There is a universal determining power, which ordinarily goes by the name of law of nature, hiddenly present in everything in every condition, by which everything is regulated and on account of which things do not overstep their limits and maintain their distinctive features. This law is responsible for the harmony seen in creation: If there were to be no such law, anything could change its nature any time, and one would not be able to determine even the way in which one has to direct one's actions. There would be catastrophe in the cosmos and chaos created if a governing law were not to exist. It is Brahman reflecting itself through its Sakti or Power that appears as this law and determines the nature of things. Brahman, when it is supposed to be in association with this inscrutable Sakti, is called Isvara, and when it is looked at from the point of view of the sheaths, it is called the Jiva. 

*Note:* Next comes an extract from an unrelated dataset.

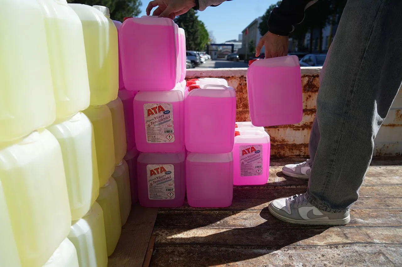 Kurumlar yaptıkları anlaşma gereği lise, yıl sonuna kadar 150 ton temizlik malzemesi üretmek için kolları sıvadı.
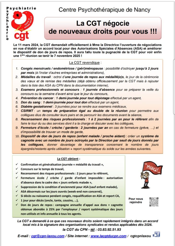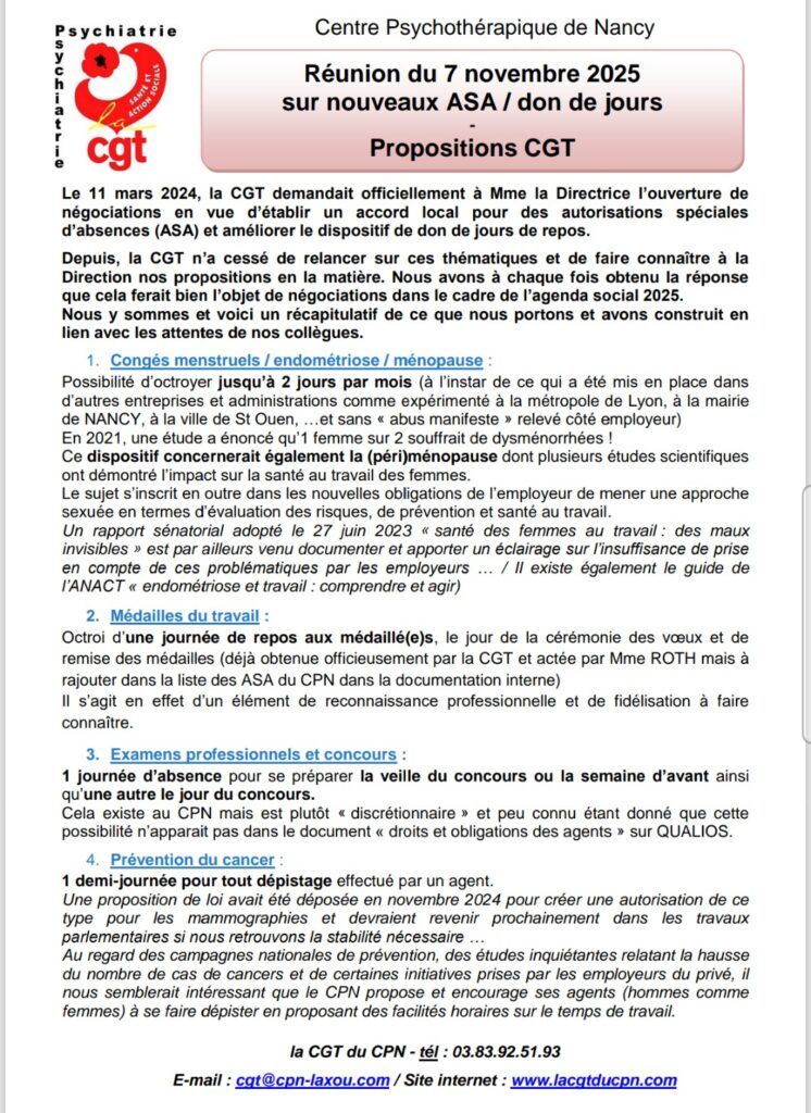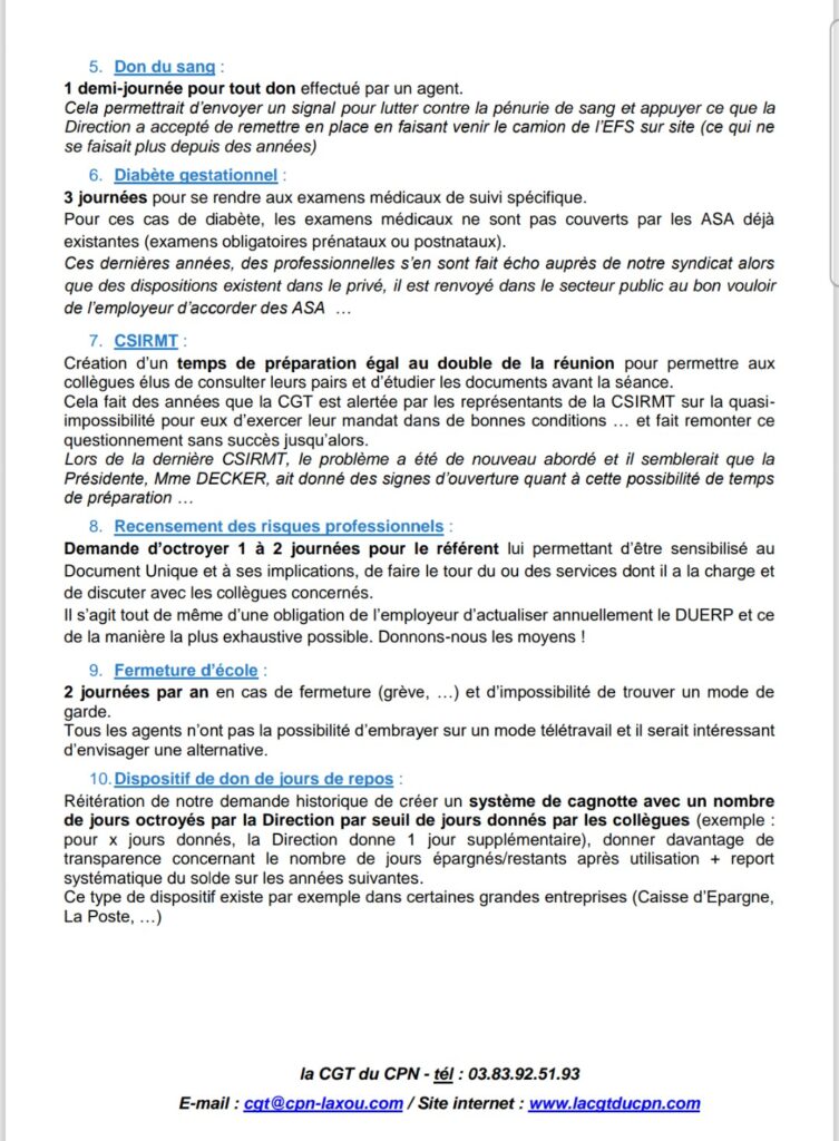 Le 11 mars 2024, la CGT a écrit à la Directrice du CPN pour ouvrir une négociation spécifique autour des ASA et du don de jours de repos. Il aura fallu toute notre pugnacité pour obtenir enfin une réunion avec la DRH le 7 novembre 2025. La CGT du CPN a été la seule organisation syndicale à avoir préparé un document écrit détaillant nos revendications basées sur les demandes formulées par nos collègues au fil des ans (cf ci-après).

Maya and Avidya are responsible for the designation of Brahman as Isvara and Jiva, as a person may be a father or a grandfather at the same time, to his sons and grandsons. Brahman is called Isvara or Jiva when it is envisaged through Maya or Avidya, and as Maya is pure Sattva, it is universal, and the reflection of Brahman in it is undivided, while Avidya is manifold, and so Jivas are many. When there are no sons or grandsons, there is no father or grandfather and when there is no Maya, or Avidya in the form of sheaths there is no Isvaratva or Jivatva in Brahman. When this truth is meditated upon profoundly with the proper inner qualifications such as the Sadhana-chatushtaya (fourfold ethical means), there comes about realisation of Brahman. The knower of Brahman becomes Brahman itself. Knowing is the same as being in the case of knowledge of Brahman. There is then no rebirth for such knower, for Brahman is unborn. (Verses 38-43)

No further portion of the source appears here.